A year passed and another group, lead by world-renowned photographer Andrew Martinez, set its course to St. Vincent - Critter capital of the Caribbean. If last year only 6 guys tagged along with Andy, this time more the 20 divers, in two separate weeks, joined his expedition.
I can't answer for all, but this time I enjoyed diving even more then during previous occasion. Thanks to a great help of Ray Haberman, who’s probably by now can be called a native of the island, I was able to rediscover unlimited possibilities of new underwater findings. Ray taught me how to look for and showed to me creatures size of the grain of sand. And with Andrew’s detailed instructions on underwater camera technique - proper strobes alignment, favorable composition, speed and aperture, good lightning of the subject, careful approach etc., I had unlimited potentials to photograph incredible world of the fantastic organisms.
Two awesome dive-masters – Cally and DJ, both with over two decades of experience in finding small, hard to detect animals.
Right after breakfast, we headed to the dock where all our dive-gears were preloaded onto boats and shortly, no more than 10-15 minutes, we were at chosen locations. If one of the boats headed, let’s say, to Orca 2, then other went to Cruise Ship. Then, during surface interval, we'd swap sites.
Thus, at the same time no more than 8 divers were at each particular spot.

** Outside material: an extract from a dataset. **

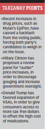 After looking at both Mrs Clinton’s drug plan—including provisions added recently—and the House Republicans’ proposals, Mr Smith teased out two specific items that he believes the public would latch on to. Specifically, if Mrs Clinton prevails, he thinks that her proposal to deal with drug price increases that are categorized as “outliers” could gain traction fast. On the Republican side, after a Trump win, expanding health savings accounts (HSAs) would likely get attention.
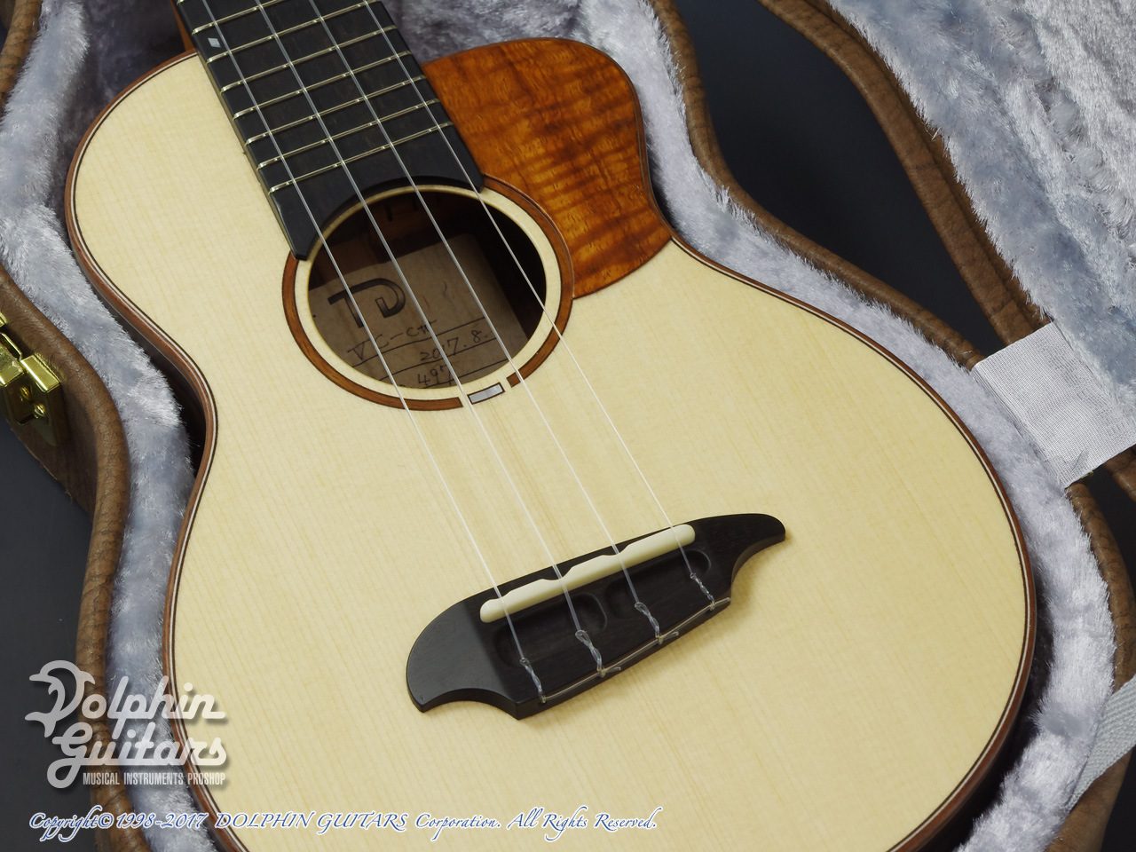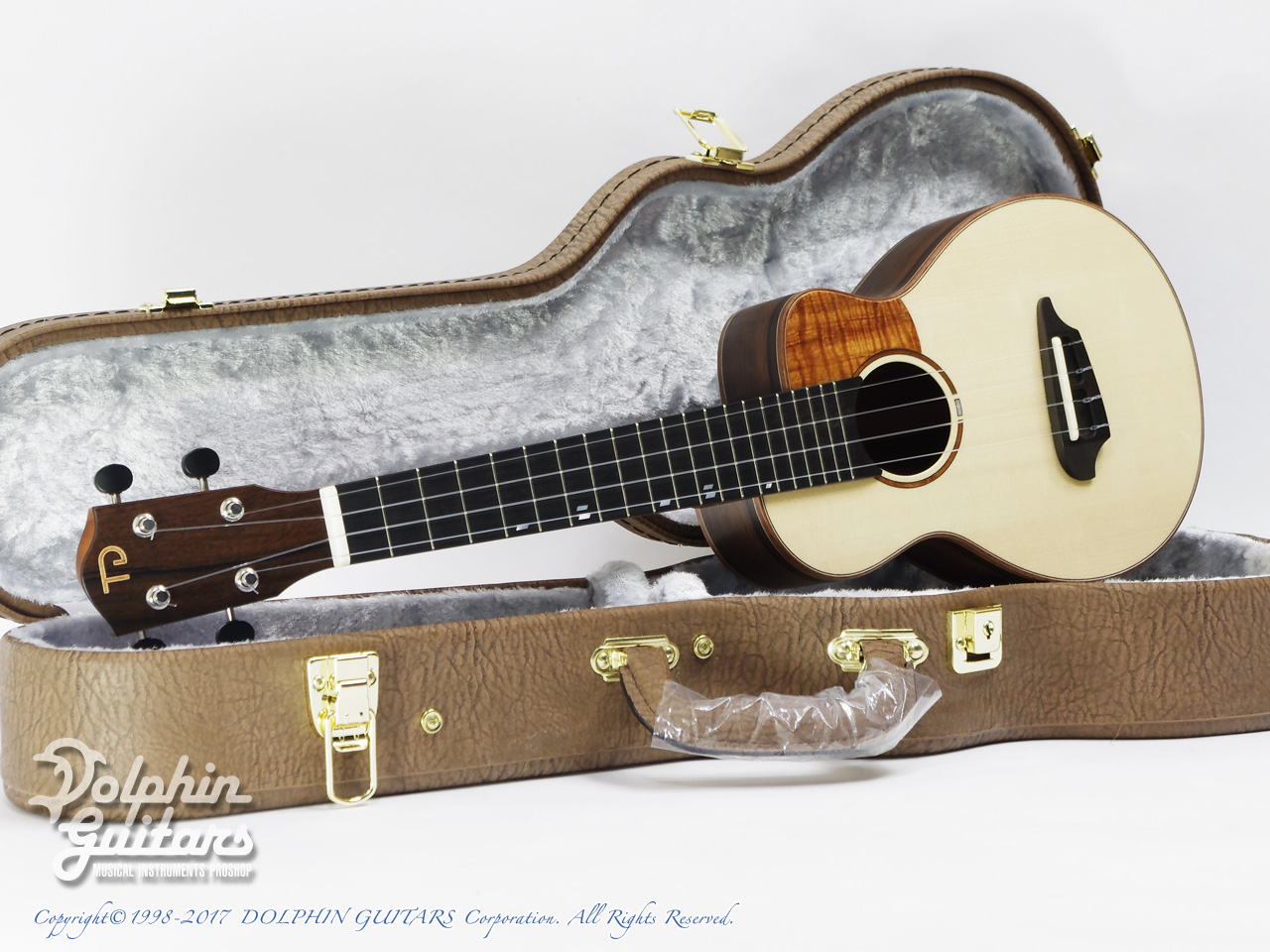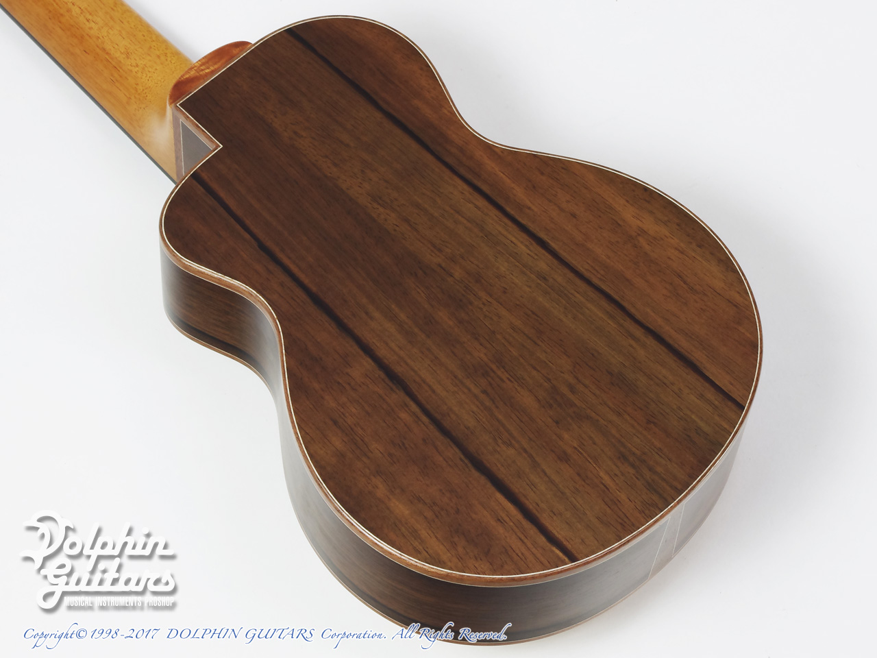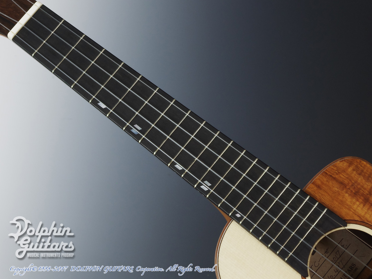 ジャーマン・スプルーストップ、マレーシアン・ブラックウッドS&B、ホンジュラスマホガニーネック、エボニー指板&ブリッジ、ハワイアンコア・ピックガード、ウッドバインディング、Gotohペグ仕様。

Average depth of almost all our dives would hardly reached 30-35 feet. Only ones Ray took me to 100 feet at “New Guinea”, to check if spotted Bull-eyed lobster still lived inside of the entangled pile of sunken nets. But otherwise light, aluminum tanks easily yielded an hour, an hour-and-a-half of bottom time.
Overall I go back to St. Vincent again and again. And so far my only wish that air-travel could've been improved dramatically.
Happy diving and safe resurfacing to all.